Extraction of hydrocarbons from subterranean formations is an important global industry. Fuels derived from these hydrocarbons form the core energy supply for most of the industrialized world. The petroleum industry is faced with two significant challenges. On one hand, the conventional light oil has mostly been depleted via the primary production and waterflood and enhanced recovery processes must be enacted to increase the production. The enhancement typically relies on injection of external materials in one well, which then sweeps the remaining in-situ hydrocarbon liquid towards the production well.

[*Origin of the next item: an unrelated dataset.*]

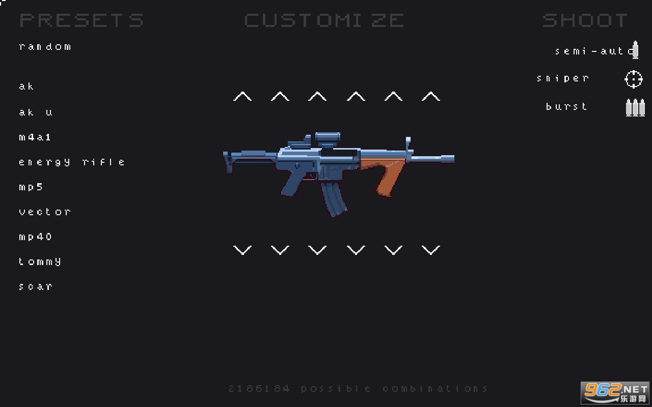 1、拥有丰富的枪械种类,采用像素风格设计,让玩家可以根据自己的喜好打造个性化的武器。
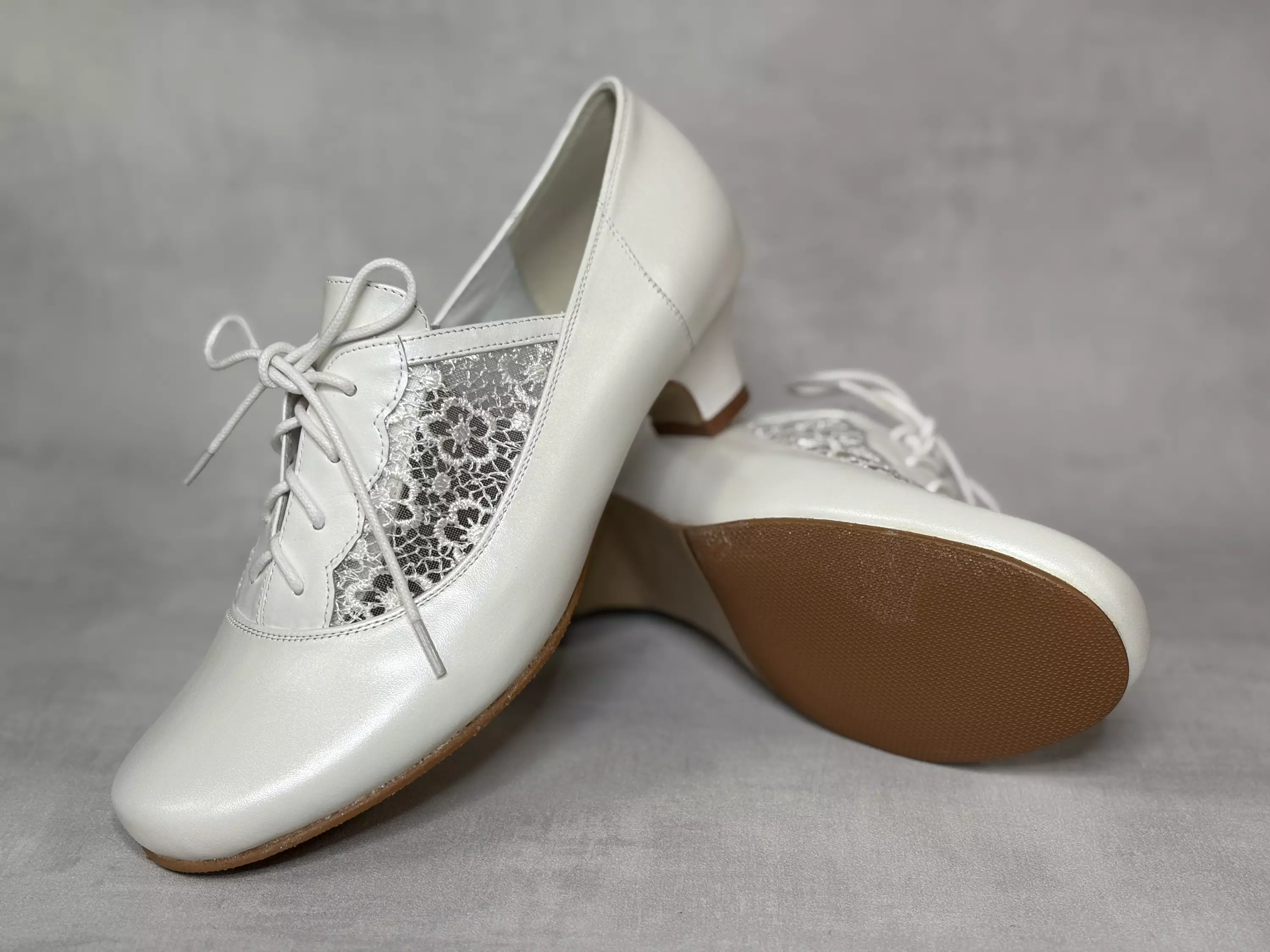 Valkoiset matalakorkoiset Chantana korkokengät. Nahkaiset kävelykengät ihastuttavilla pitsisivuilla sekä nauhoituksella. Mikäli haluat kenkiin lisäilmettä, voit vaihtaa niihin vaikkapa satiiniset kengännauhat. Kannan korkeus noin 4cm, pohja edestä noin 0,5cm.

On the other hand, unconventional oil reservoirs are difficult to produce via primary production means and must rely on stimulation. In North America and many other parts of the world, hydrocarbons are found in heavy and viscous forms such as bitumen and heavy oils, which are extremely difficult to extract. The bitumen-saturated oilsands reservoirs of Canada, Venezuela, California, China and other parts of the world are just some examples of such subterranean formations. In these formations, it is not possible to simply drill wells and pump out the oil. Instead, the reservoirs are heated or otherwise stimulated to reduce viscosity and promote extraction. Steam flooding, Cyclic Steam Stimulation (CSS) and Steam Assisted Gravity Drainage (SAGD) are some of the examples.
In either enhanced recovery of the conventional reservoirs or stimulation of the unconventional oil reservoirs, their production depends on two major functions acting simultaneously: one is stimulation and the other is sufficient drive energy. As an example of stimulation, viscosity of the in-situ heavy oil or bitumen is reduced through injection of steam, solvent or whatever other materials. In another example, interfacial tension between the in-situ hydrocarbon liquid and the displacing fluid is reduced by injection of chemicals so that it becomes more readily mobile. Equally important is the contact area for the injected materials with the reservoir. A contact area as large as possible and attained as early as possible is desired.
The other major function in producing the conventional reservoirs via enhanced recovery processes or producing the unconventional reservoirs via stimulation is to provide sufficient drive energy for the stimulated hydrocarbon liquid to be produced. In steam flooding, the driving energy is the pressure difference between the injection and production wells. In CSS, the drive energy is the pressure difference between inside the reservoir and the production well. In SAGD, the drive energy is gravity.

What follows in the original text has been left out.